Via Rhetorica 2011

Mixed media sculpture, Wooden bench with woven barbed wire

Mixed media: Wooden bench, barbed wire, woven leather thongs, cotton fabric and human hair
76 x 133 x 51.5 cm

This two tiered bench/bunk/cot was inspired by childhood memories of racially demarcated park benches marked ‘whites only’ in South Africa. Similarly park benches in Nazi Germany were marked ‘Nurfurarier’ (Aryans only). The two levels have been finished with different surfaces. The upper surface has a lattice of stretched barbed wire and the lower a grid of leather thongs. The leather thongs on a couch or chair refer to the old slave furniture of the Cape before emancipation, now much sought after as collectable and valued Afrikaner relics of the past. The barbed wire surface on the upper bunk has no comforting appeal and refers to the method of physically maintaining incarceration of individuals used extensively in concentration camps, in both South Africa during the second Boer War and in Nazi occupied Europe during the Second World War. Two cushions fashioned from concentration (KZ) camp-like fabric (with yellow backing) are located on the lower level bench/ bunk/cot and are seen through the barbed wire above.

Strong signifiers create a Holocaust effect and specific references to the extermination of the Jews are a confronting reminder.

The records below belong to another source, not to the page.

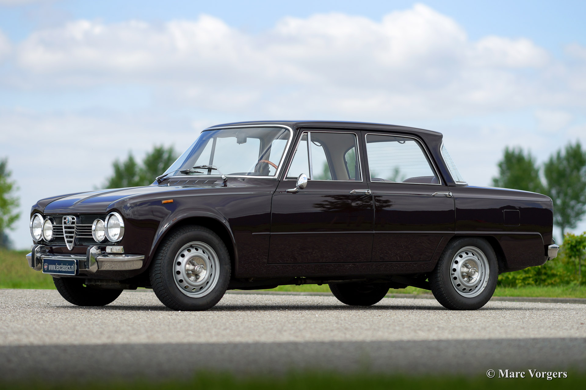 This magnificent Alfa Romeo Giulia was imported from Italy in the year 2011. The car is super original and was only given perfect new paint in the past. This fine Alfa Romeo is in superb (excellent++) condition, concours. From new the automobile has driven 77840 kilometres and it has been serviced perfectly. Everything looks and feels like new! The car comes with service history and a original toolset. This Giulia was given a thorough Waxoyl anti corrosion treatment. The car is fitted with a classic Blaupunkt radio with Ipod/Iphone connection and 123 electronic ignition (original unit is still present). A very fine example!
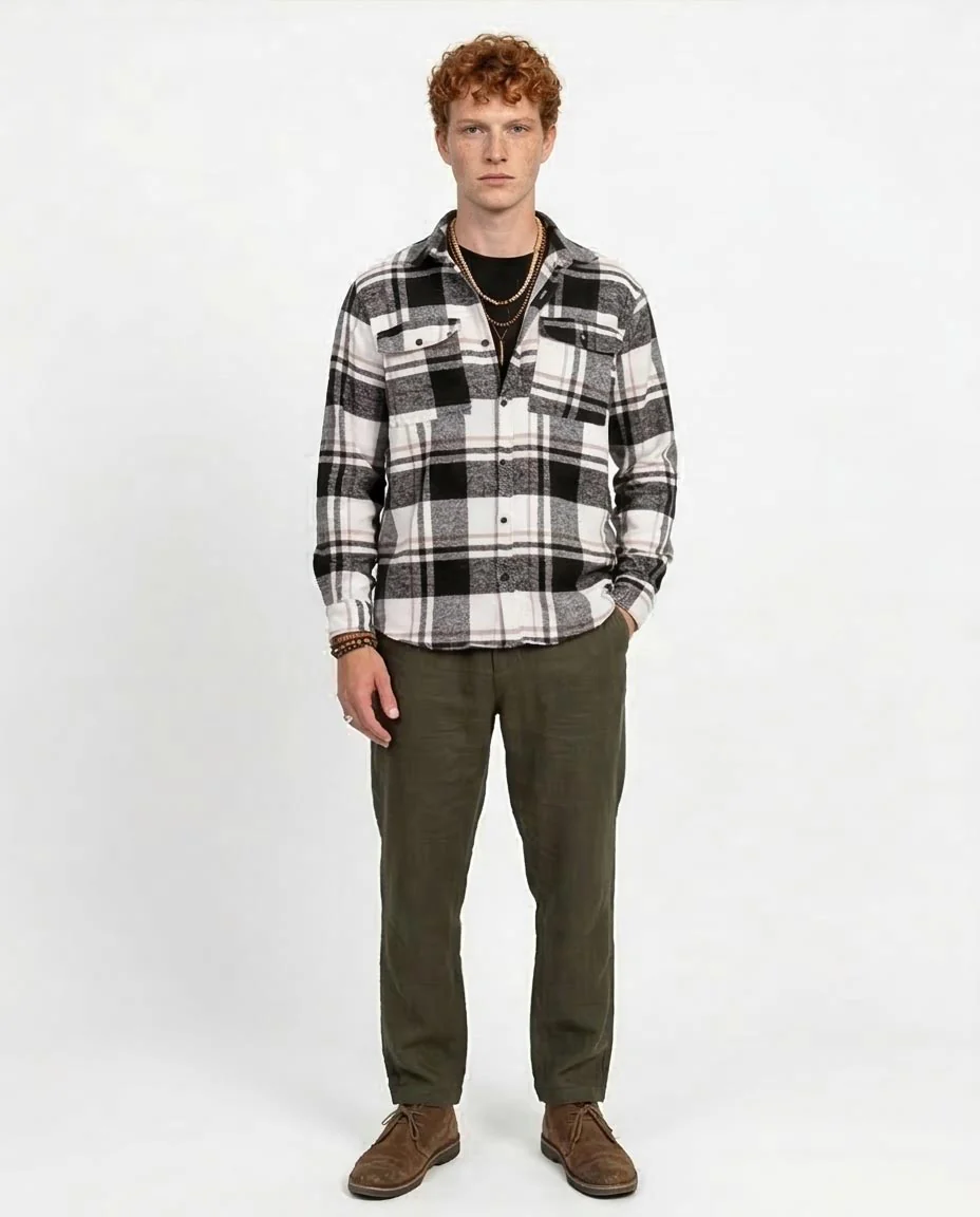 Design & Fabrication Crafted from a premium, heavyweight brushed fabric, this shirt offers a soft-to-the-touch feel with maximum heat retention. The classic black and white buffalo check is reimagined with subtle tan pinstripe accents, adding a unique depth that pairs effortlessly with earth tones and denim alike.
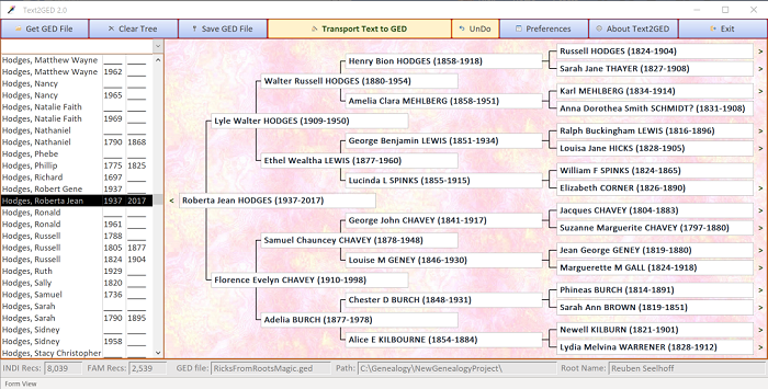The tool I've developed, Text2GED, enables me to gather your genealogical information a whole lot quicker than if you or I had to type out all the names, dates, places, and relationships ourselves by hand! That's why my fees are so low.

While well designed and solidly constructed, there is a repellent and repulsive quality which is compounded by the invitation to the apparent comfort offered by the two cushions. Purposefully disguising the impact of the fatal reality of incarceration paralleled the use of euphemisms adorning the entrance to KZ camps, such as ‘Arbeit Macht Fre’i (Work Sets you Free) and ‘Jedem Das Seine’ (Each to their Own). The real cushions are equally misleading and deliberately confusing provocations.

In formal terms modernist grids abound, in layers and projected shadows, but the whole is intentionally steeped in invoking a sense of the real.